■ Aim of the exercise
Each line of the material should be set down exactly. Pictures are not part of the copy.

■ Data shown
********

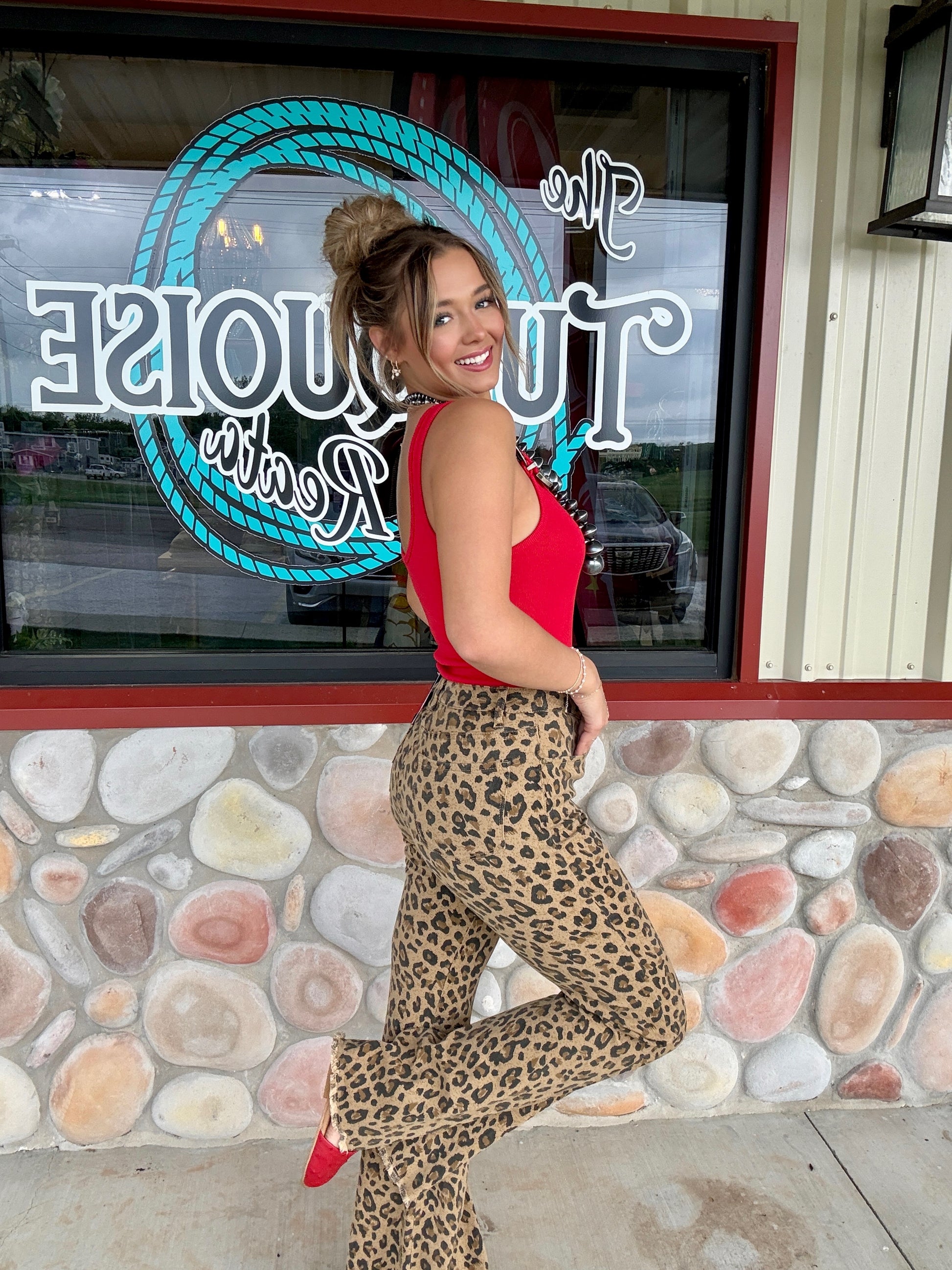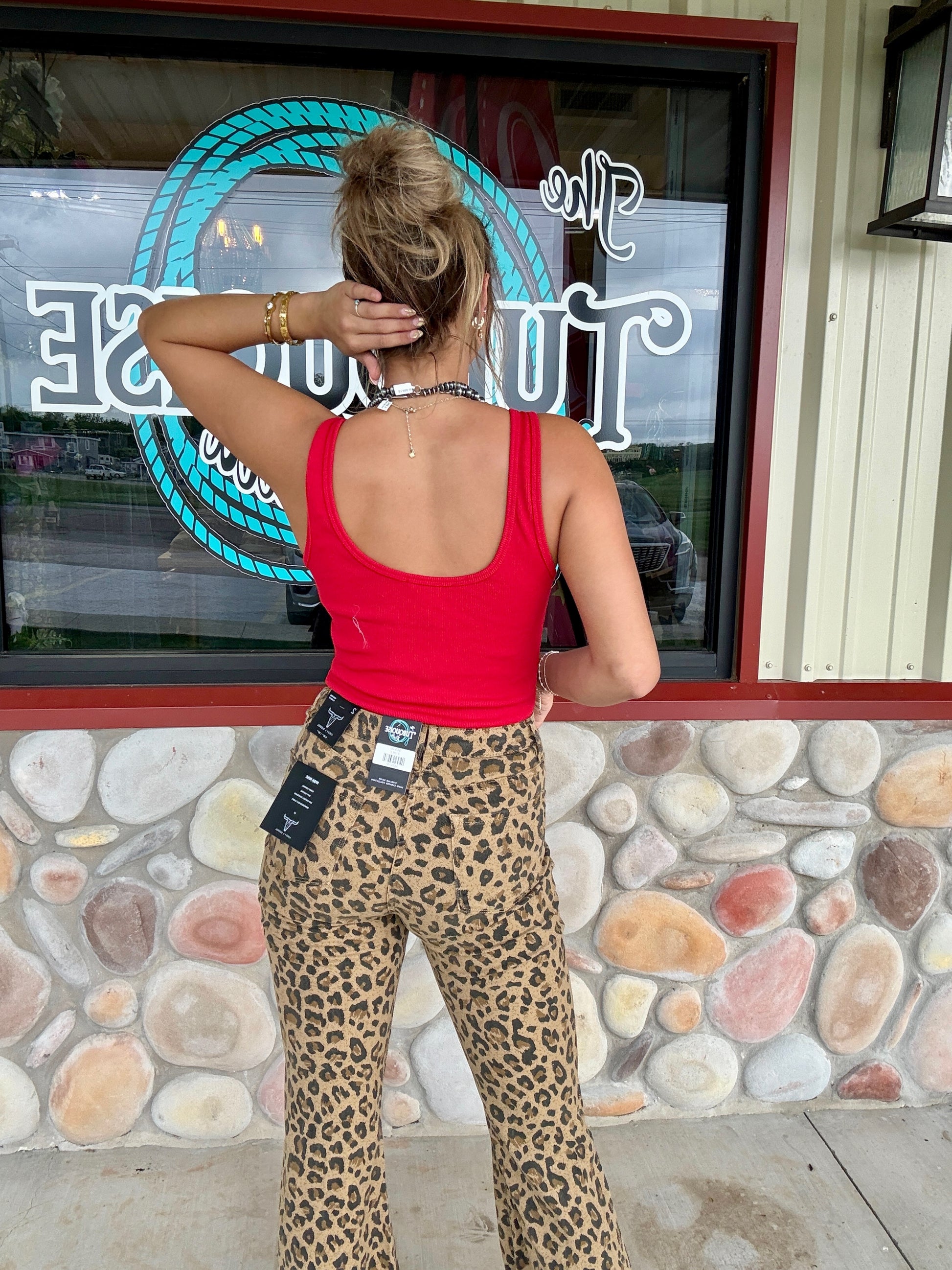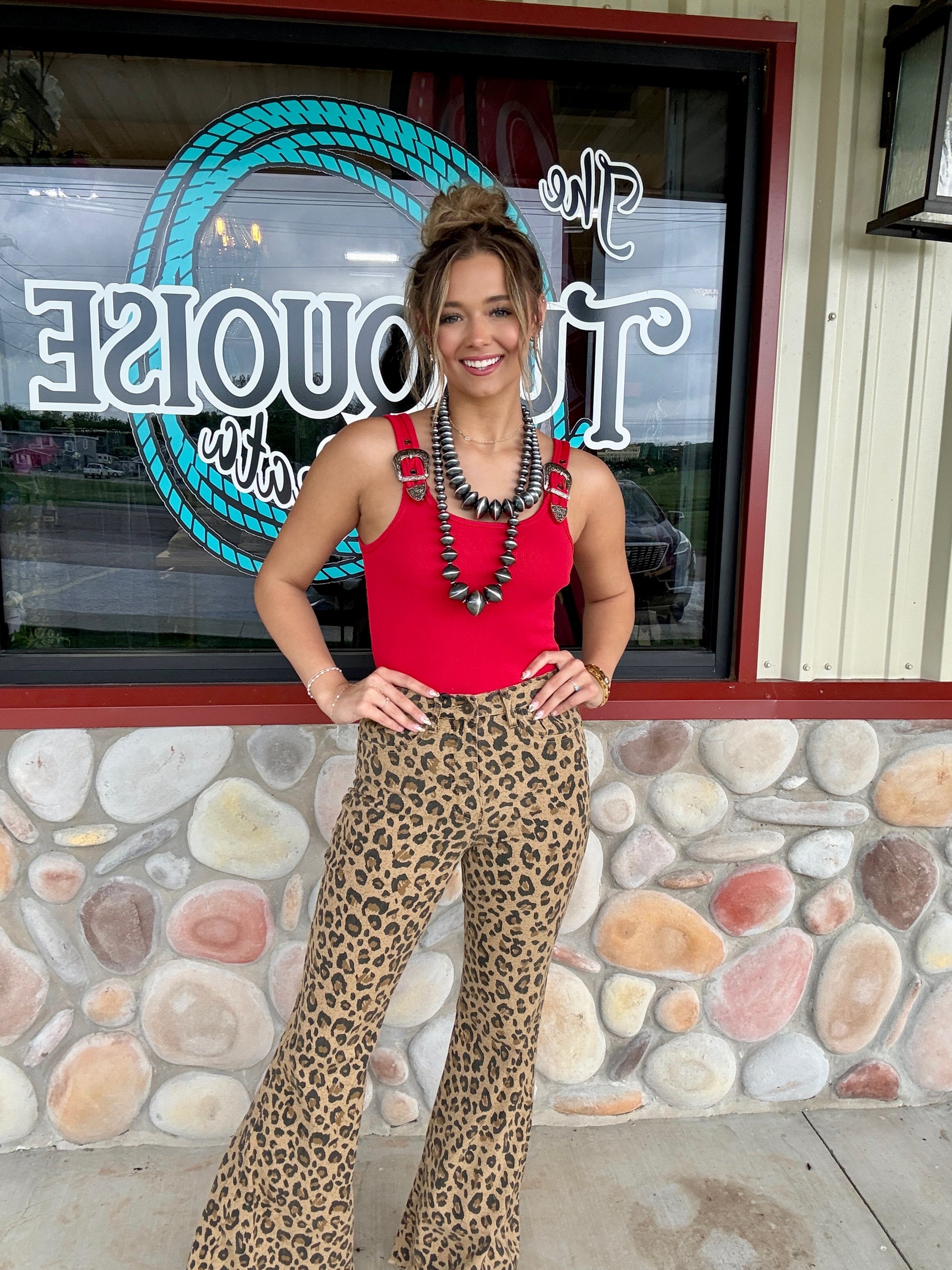 Turn heads in this bold and sassy red bodysuit! Featuring thick ribbed straps accented with western-style rhinestone buckles, this piece brings a perfect mix of cowgirl edge and sleek, flattering style. The stretchy, form-fitting fabric hugs your curves in all the right places, while the bodysuit design keeps your look smooth and tucked all day (or night). Pair it with your favorite high-rise denim or a leather mini for a show-stopping outfit.
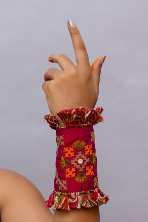 Pink Rabari Motif Handcuff -Handcrafted Textile Cuff
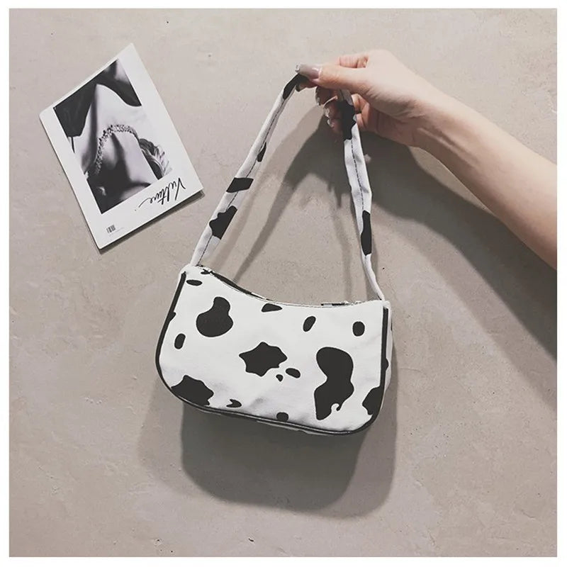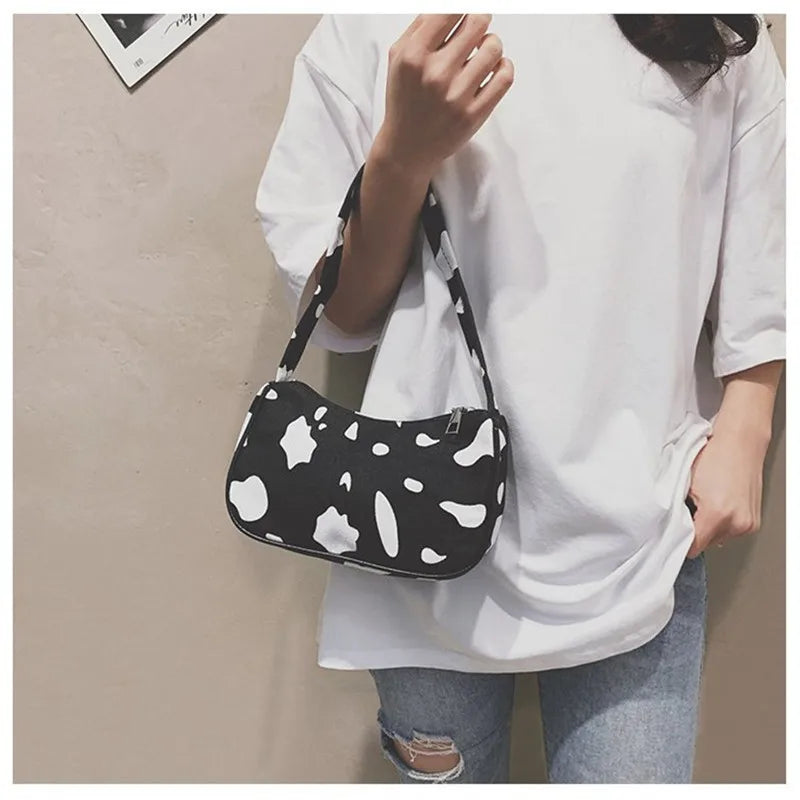 Fashionable cow spot printed canvas shoulder bag perfect for women. Ideal for casual use, this small underarm bag is both functional and stylish.

********

■ Completed exercise
 Turn heads in this bold and sassy red bodysuit! Featuring thick ribbed straps accented with western-style rhinestone buckles, this piece brings a perfect mix of cowgirl edge and sleek, flattering style. The stretchy, form-fitting fabric hugs your curves in all the right places, while the bodysuit design keeps your look smooth and tucked all day (or night). Pair it with your favorite high-rise denim or a leather mini for a show-stopping outfit.
 Pink Rabari Motif Handcuff -Handcrafted Textile Cuff
 Fashionable cow spot printed canvas shoulder bag perfect for women. Ideal for casual use, this small underarm bag is both functional and stylish.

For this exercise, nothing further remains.